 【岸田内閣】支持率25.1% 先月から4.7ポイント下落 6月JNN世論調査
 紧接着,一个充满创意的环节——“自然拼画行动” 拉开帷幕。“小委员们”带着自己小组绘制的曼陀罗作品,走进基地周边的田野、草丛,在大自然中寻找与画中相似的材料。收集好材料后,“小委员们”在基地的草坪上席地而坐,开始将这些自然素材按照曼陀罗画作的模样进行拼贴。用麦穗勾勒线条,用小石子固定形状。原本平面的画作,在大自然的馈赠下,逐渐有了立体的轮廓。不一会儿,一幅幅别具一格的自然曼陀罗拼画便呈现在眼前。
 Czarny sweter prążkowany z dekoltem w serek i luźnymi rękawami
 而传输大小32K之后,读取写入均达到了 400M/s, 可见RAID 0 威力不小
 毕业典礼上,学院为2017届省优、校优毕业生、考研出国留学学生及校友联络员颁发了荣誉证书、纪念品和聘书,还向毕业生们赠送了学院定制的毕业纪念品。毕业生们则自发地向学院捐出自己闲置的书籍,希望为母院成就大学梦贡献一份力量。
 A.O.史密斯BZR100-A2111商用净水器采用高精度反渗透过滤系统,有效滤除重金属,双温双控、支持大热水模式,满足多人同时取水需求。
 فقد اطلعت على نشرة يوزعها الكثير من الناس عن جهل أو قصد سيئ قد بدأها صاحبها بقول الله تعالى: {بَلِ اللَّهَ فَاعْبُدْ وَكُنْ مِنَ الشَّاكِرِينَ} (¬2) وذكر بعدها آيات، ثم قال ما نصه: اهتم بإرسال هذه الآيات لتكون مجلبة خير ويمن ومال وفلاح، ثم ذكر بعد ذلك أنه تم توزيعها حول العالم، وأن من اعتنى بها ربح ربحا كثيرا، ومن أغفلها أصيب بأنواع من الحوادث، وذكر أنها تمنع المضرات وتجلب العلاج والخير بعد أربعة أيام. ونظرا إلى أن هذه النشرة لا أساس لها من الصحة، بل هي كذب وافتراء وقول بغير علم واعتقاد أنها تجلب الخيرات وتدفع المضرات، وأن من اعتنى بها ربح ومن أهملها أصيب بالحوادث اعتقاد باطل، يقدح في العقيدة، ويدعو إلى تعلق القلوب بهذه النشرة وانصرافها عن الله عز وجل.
---
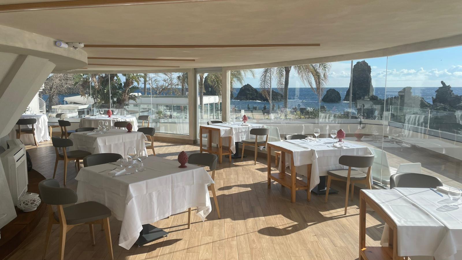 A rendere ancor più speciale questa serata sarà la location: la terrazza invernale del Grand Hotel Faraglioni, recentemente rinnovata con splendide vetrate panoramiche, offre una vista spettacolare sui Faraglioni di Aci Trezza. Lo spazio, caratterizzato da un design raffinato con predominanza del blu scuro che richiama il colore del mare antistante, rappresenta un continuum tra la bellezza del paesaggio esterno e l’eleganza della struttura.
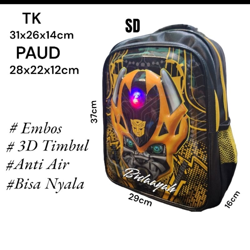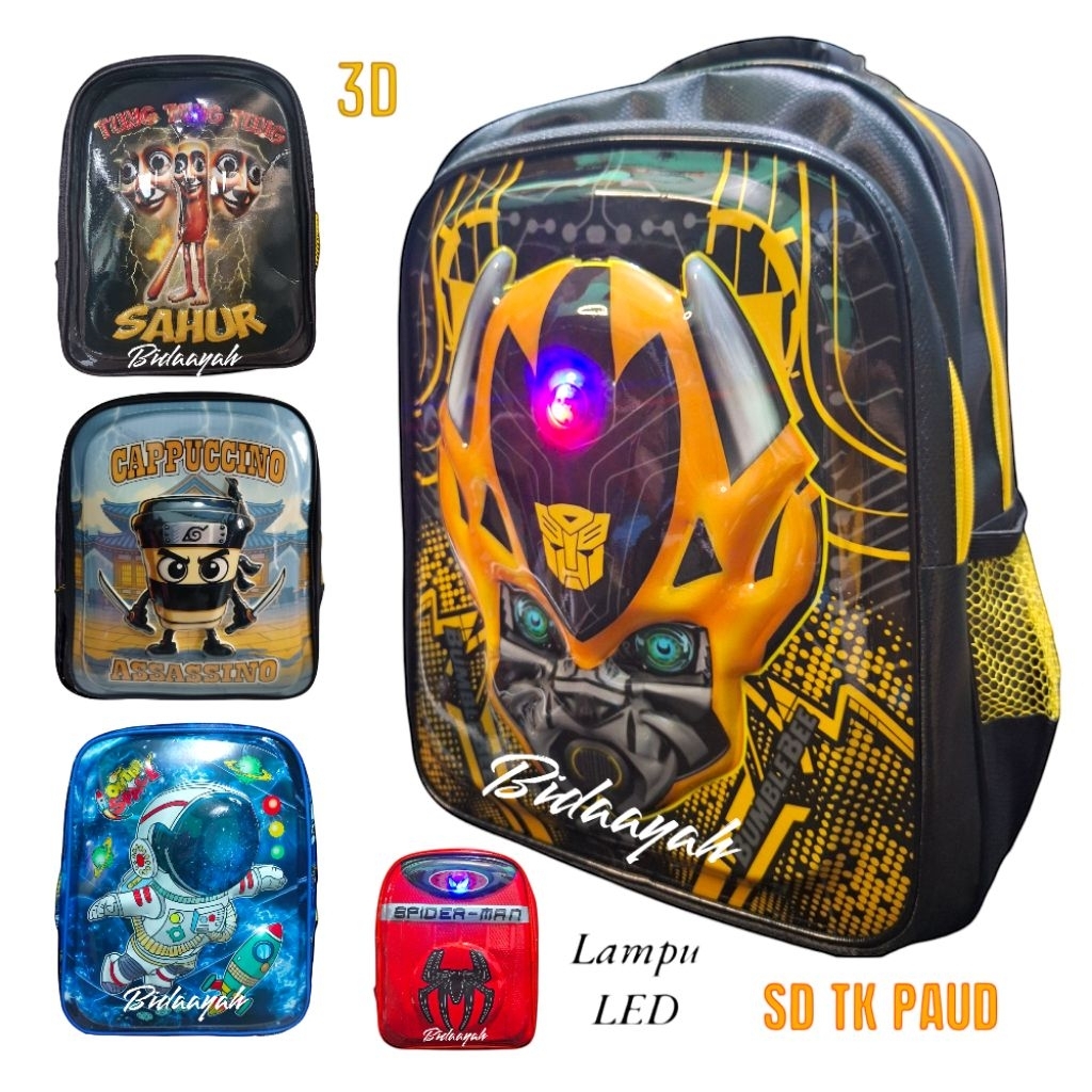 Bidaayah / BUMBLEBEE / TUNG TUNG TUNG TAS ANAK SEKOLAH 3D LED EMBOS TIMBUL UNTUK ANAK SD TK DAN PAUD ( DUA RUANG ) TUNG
---
### [Your instructions]
Extract exactly and only the lines above from the line containing "而传输大小32K之后,读取写入均达到了 400M/s, 可见RAID 0 威力不小" through the line containing "A.O.史密斯BZR100-A2111商", both end lines included.

### [Exercise answer]
 而传输大小32K之后,读取写入均达到了 400M/s, 可见RAID 0 威力不小
 毕业典礼上,学院为2017届省优、校优毕业生、考研出国留学学生及校友联络员颁发了荣誉证书、纪念品和聘书,还向毕业生们赠送了学院定制的毕业纪念品。毕业生们则自发地向学院捐出自己闲置的书籍,希望为母院成就大学梦贡献一份力量。
 A.O.史密斯BZR100-A2111商用净水器采用高精度反渗透过滤系统,有效滤除重金属,双温双控、支持大热水模式,满足多人同时取水需求。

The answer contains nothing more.